Sunni and Shiite tribal chiefs attend a campaign rally held by candidates… (Ahmad Al-Rubaye / AFP/Getty…)
Reporting from Baghdad — In the once-turbulent Sunni enclave of Adhamiya, hope that the elections Sunday will herald a dramatic change in Iraq's leadership mingles ominously with fear that it won't.
There's none of the reluctance that characterized the last elections in December 2005, when a boycott call from Sunni Arab leaders and the ubiquitous presence of insurgents deterred most people from going to the polls, and candidates didn't dare campaign for fear of being killed.
This time, huge billboards promoting Sunni and secular candidates jostle for attention on drab streets strewn with garbage.

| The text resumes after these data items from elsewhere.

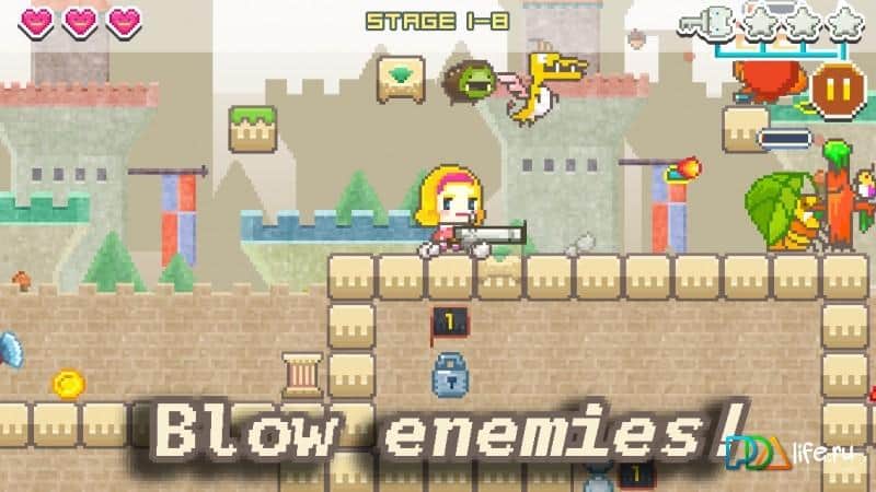 Brave Rascals is a classic platform game made in retro style. The gameplay is in full compliance with the laws of the genre, run, jump, shoot, collect prizes, stars, fight bosses, improve your character, upgrade your weapons. The storyline is actually in all games of this direction is rather superficial and anything about what is happening we know little. But the game world is crafted wonderfully, with impressive levels with intricate structures, platforms, traps, corridors, shafts, staircases, dozens of enemies all this gives the game a unique variety. Everything else is Brave Rascals can be done at two levels of difficulty for fans to gather bonuses and shoot in a relaxed mode suitable level for beginners, but the mode of the professional will require not only skill, but experience.
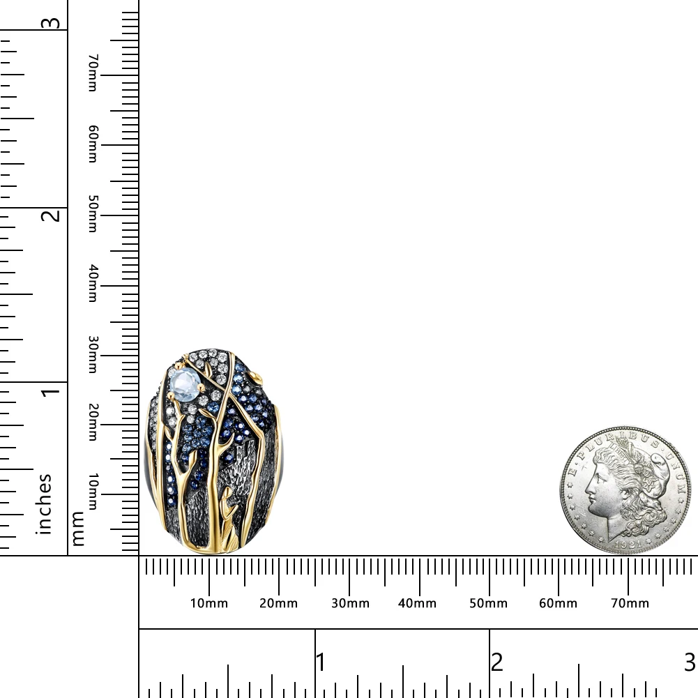 GEM'S BEAUTY 925 пробы Серебряное 14K Золотое кольцо с наполнителем...
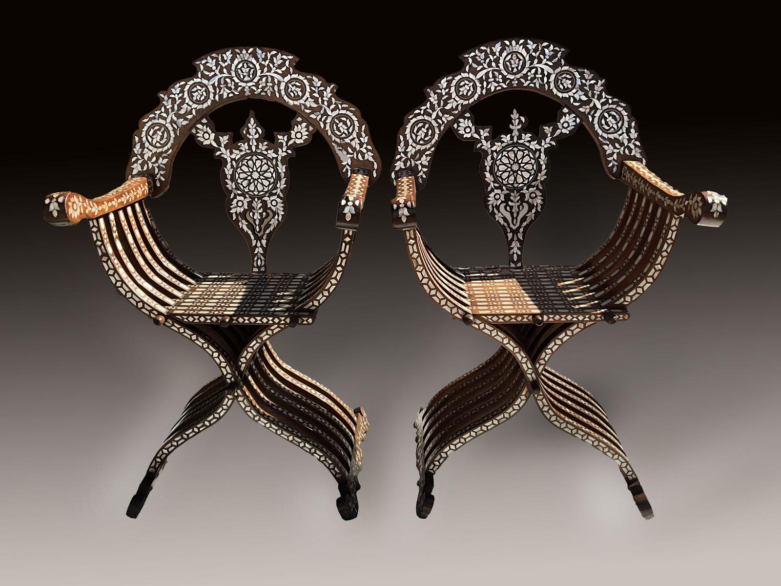 For Sale is This Magnificent Pair of 19th Century Moorish Savonarola Chairs
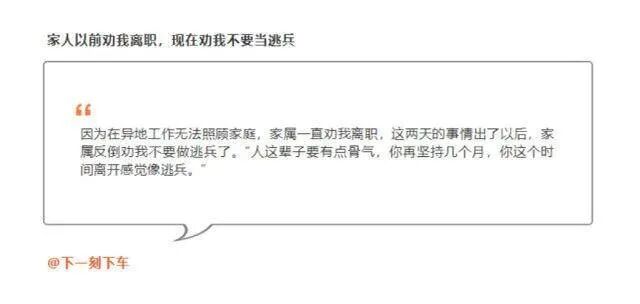 其中有一个昵称为@下一刻下车 的网友说:因为在异地工作无法照顾家庭,家属一直劝我离职,这两天的事情出了以后,家属反倒劝我不要做逃兵了。“人这辈子要有点骨气,你再坚持几个月,你这个时间离开感觉像逃兵。”
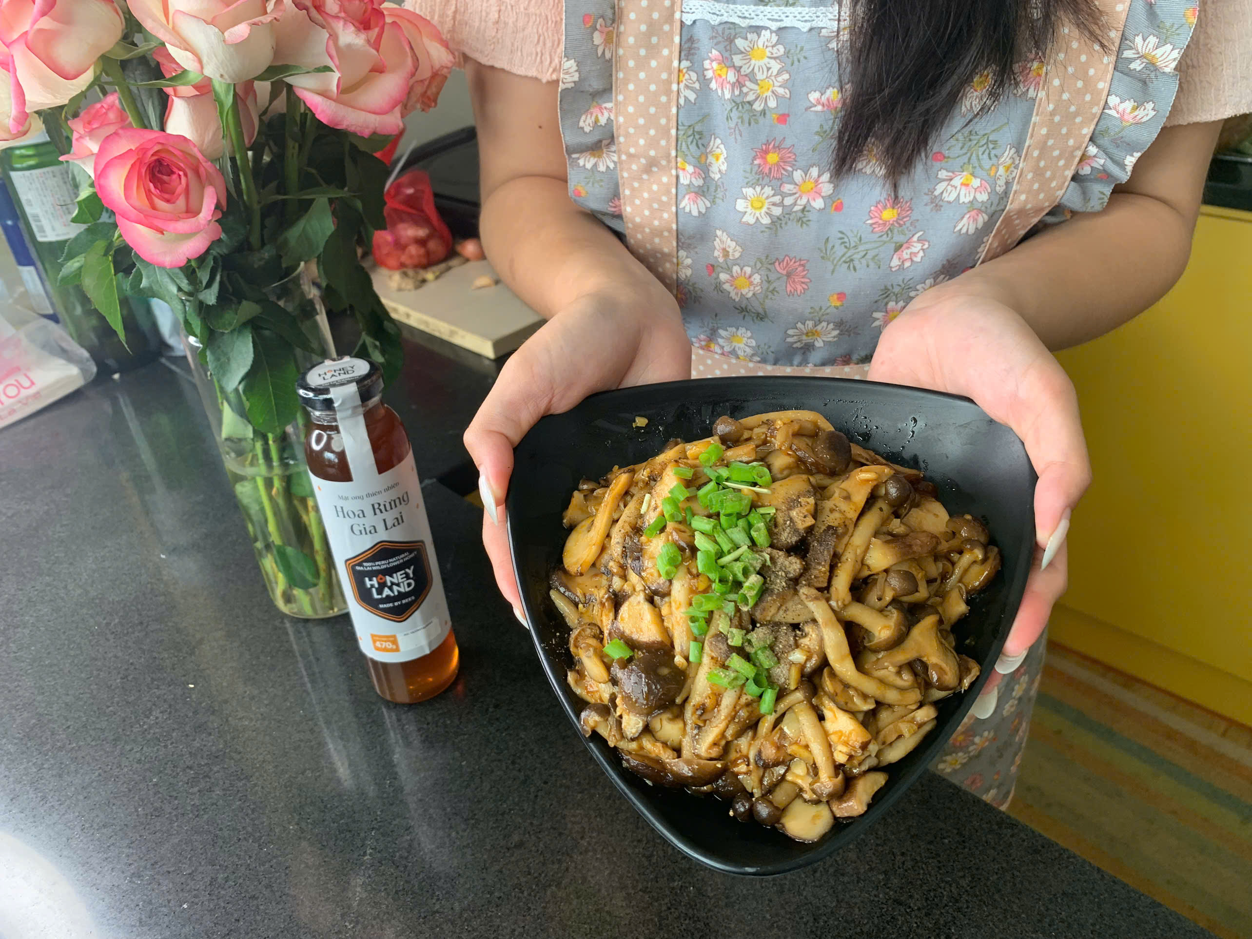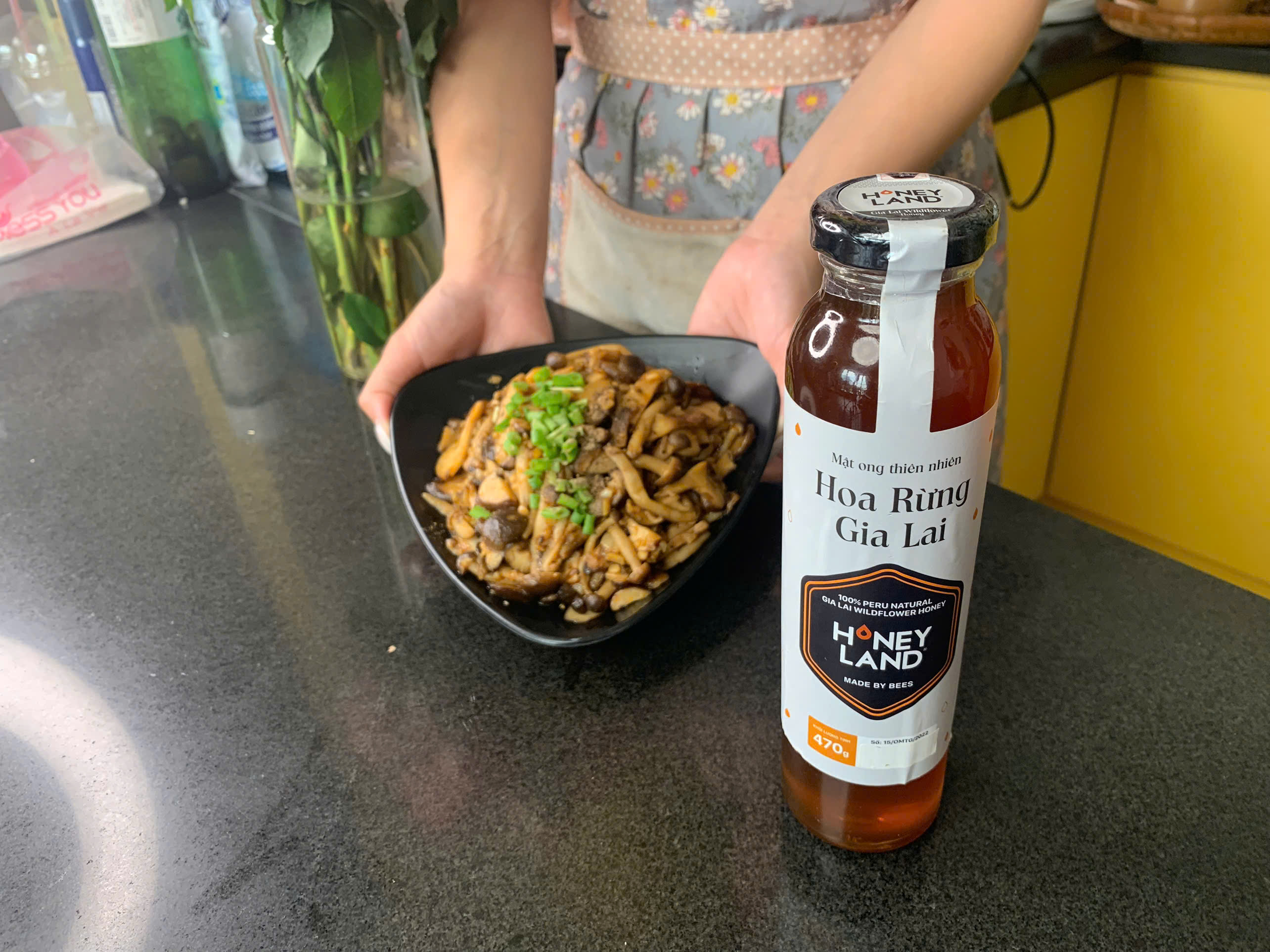 Đặc biệt, mật ong hoa rừng Gia Lai với hương thơm tự nhiên, vị ngọt thanh dịu giúp làm dậy mùi và cân bằng vị cho món ăn. Đây là món lý tưởng để ăn kèm với cơm trắng, salad hoặc dùng như món khai vị trong các bữa tiệc chay hay đãi khách.
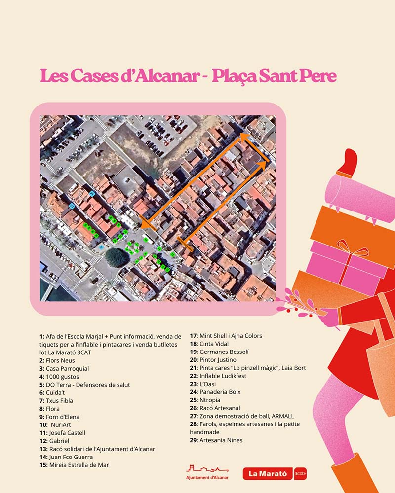 A Alcanar, la programació de la Fira continuarà amb el taller skincare de Tàni by Flora estètica, amb un repartiment de vermutet a càrrec de Bar Moreno i amb l’espectacle itinerant Kukhristmas, amb inici a l’Onada. A Les Cases, hi haurà demostració de balls a càrrec de l’Associació ARMALL, una cursa solidària organitzada per l’AFA de l’Escola l’Escola Marjal i el concert familiar “Can Cantem; Gresca Nadalenca”, amb xocolatada gentilesa de l’AFA.
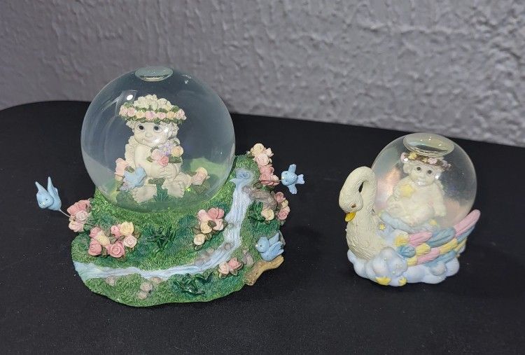 Pair Of Westland Collectible Dreamsicle Cherub Snowglobe
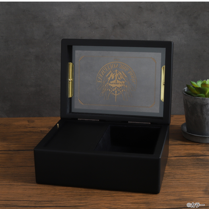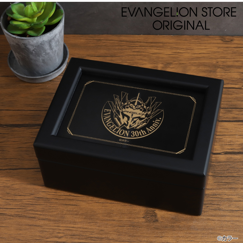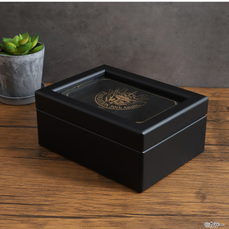 音樂盒本體以天然木頭製成,大小約約 15×11×6.5 公分。盒蓋的透明玻璃上印有金色的《新世紀福音戰士》30周年紀念 Logo,打開之後,就會播放《新世紀福音戰士》的經典歌曲〈殘酷天使的行動綱領〉旋律。作為 EVA 粉絲的紀念收藏來說,不論使用或放置當作裝飾都很具意義。
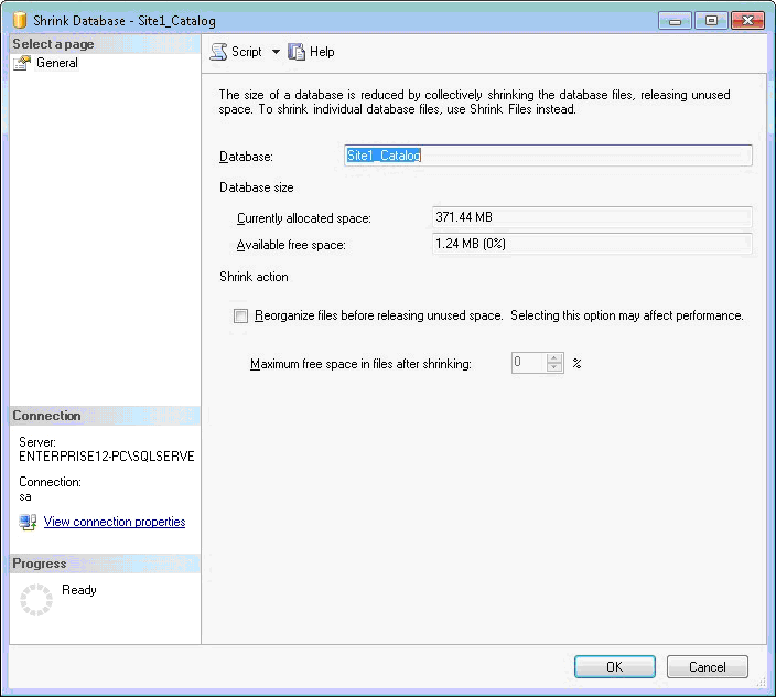 Instead, there is an option to ‘Shrink’ the database from within MS SQL Server Management Studio.
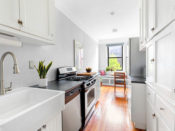 JUNIOR 1, standout studio, currently configured with a separate sleeping space, offers so much! This little gem has all the lovely pre-war elements including 9' high ceilings, distinctive archways, parquet and hardwood floors, and a spacious eat-in kitchen. The kitchen has been modernized with stainless appliances including dishwasher, cabinet depth refrigerator, and a 5-burner stove. The old world feeling still lives on in its refurbished original cabinetry which provides abundant storage and blends well with the farm sink and other new cabinets and countertops. This kitchen has an added feature of a wonderful custom cantilevered kitchen table created out of beautiful bubinga wood which has convenient electrical sockets for easy access. In addition there is a bench with storage located below the seats. The entry foyer (currently functions as a home office) opens into the well proportioned living room and adjacent sleeping area. The living room and sleeping area are separated by two built in bookcases with an architect designed Japanese style, Shoji sliding doors. The area is illuminated with two overhead Arts and Craft style lamps. The bathroom has been fully renovated but still possesses the large art deco cast iron tub for great long soaks. This unit is bright and sunny year-round, thanks to the high floor location and southern exposure. 570 Westminster Road is a PET FRIENDLY coop in Ditmas Park known for its distinctive art deco architecture and sprawling interior courtyard. The impressive lobby has vintage stained glass windows, a soaring ceiling, terrazzo floors, etched brass elevator doors, and vintage crystal sconces. Serene pathways, a gazebo, and inviting benches and grassy areas distinguish the building's shared interior courtyard. Add a 24/7 doorman, live in super, 2 porters, storage (wait list, fee) and bike storage and you see why this coop is so desirable! Milk and Honey Cafe and the new Grounds of Brooklyn both occupy commercial space on the ground floor of this coop. Ox Tavern is only 1 short block away. Be sure to peruse the tree-lined streets, past signature Victorian houses, from 570 Westminster Road to the neighborhood's many cafes, restaurants, bars, supermarkets, and the year-round Farmers Market (every Sunday) on Cortelyou Road. Bike lane on nearby Argyle road leads to the Parade Grounds and Prospect Park. Only 3 short blocks to B and Q trains at Newkirk Plaza, and 0.6 miles to Cortelyou Road Q station.
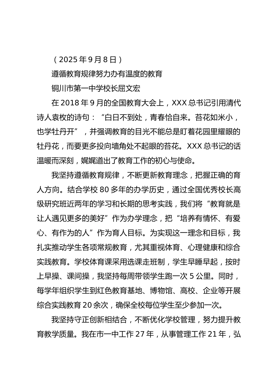 (8篇)銅川市慶祝第41個(gè)教師節(jié)座談會(huì)發(fā)言材料匯編目錄1.銅川市第一中學(xué)校長(zhǎng)屈文宏:遵循教育規(guī)律努力辦有溫度的教育12.銅川陽(yáng)光中學(xué)校長(zhǎng)李保凌:守教育報(bào)國(guó)初心擔(dān)立德樹(shù)人使命…33.銅川職業(yè)技術(shù)學(xué)院教師辛媛:點(diǎn)燃信念之火走出精彩人生…44.銅川市第五中學(xué)教師姚靚靚:螢火雖微愿為其芒…65.中國(guó)工農(nóng)紅軍照金北梁紅軍小學(xué)教師劉洋:以教育之名赴紅色之約…86.宜君縣五里鎮(zhèn)中心小學(xué)教師和艷艷:躬耕鄉(xiāng)村教育點(diǎn)亮希望之光107.銅川市王益區(qū)第一幼兒園教師惠建敏:用愛(ài)守護(hù)童年以專業(yè)照亮幼教之路…128.銅川市特殊教育學(xué)校教師寇潤(rùn)娥:深耕特教沃土靜待向陽(yáng)花開(kāi)13銅川市慶祝...
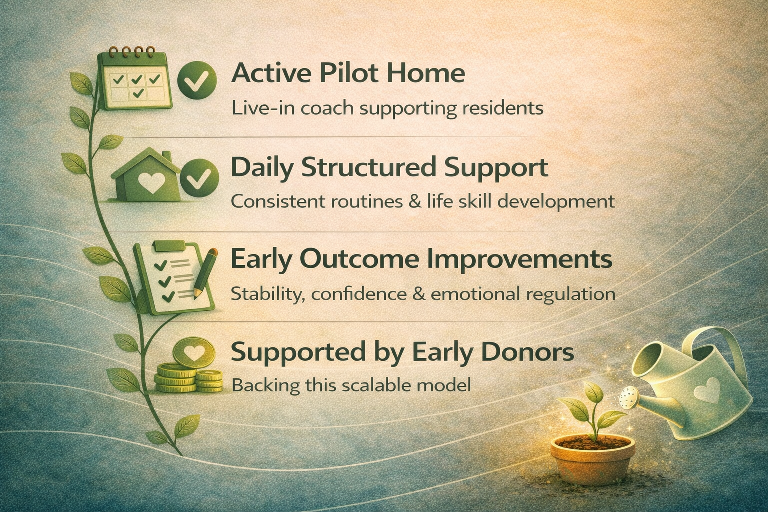 We are currently operating a 12-month proof-of-concept pilot designed to test a new model of transitional housing for neurodiverse adults.

Top politicians, including Sunni Vice President Tariq Hashimi and former Prime Minister Iyad Allawi, have made campaign appearances, mingling with citizens in markets, kissing babies and urging everyone to vote.
Everyone, it seems, says they will.
And expectations are high -- perhaps dangerously so -- that the full participation of the Sunni Arab minority will bring to an end five years of rule by the Shiite Muslim religious parties that took power after the U.S.-led invasion in 2003.
"This election will bring change," said Abdullah Sabah, 26, a businessman who plans to vote for Allawi and has no doubt that he will win. "He will create equality among Iraqis because he is not sectarian, which means opportunities and jobs will be available to us."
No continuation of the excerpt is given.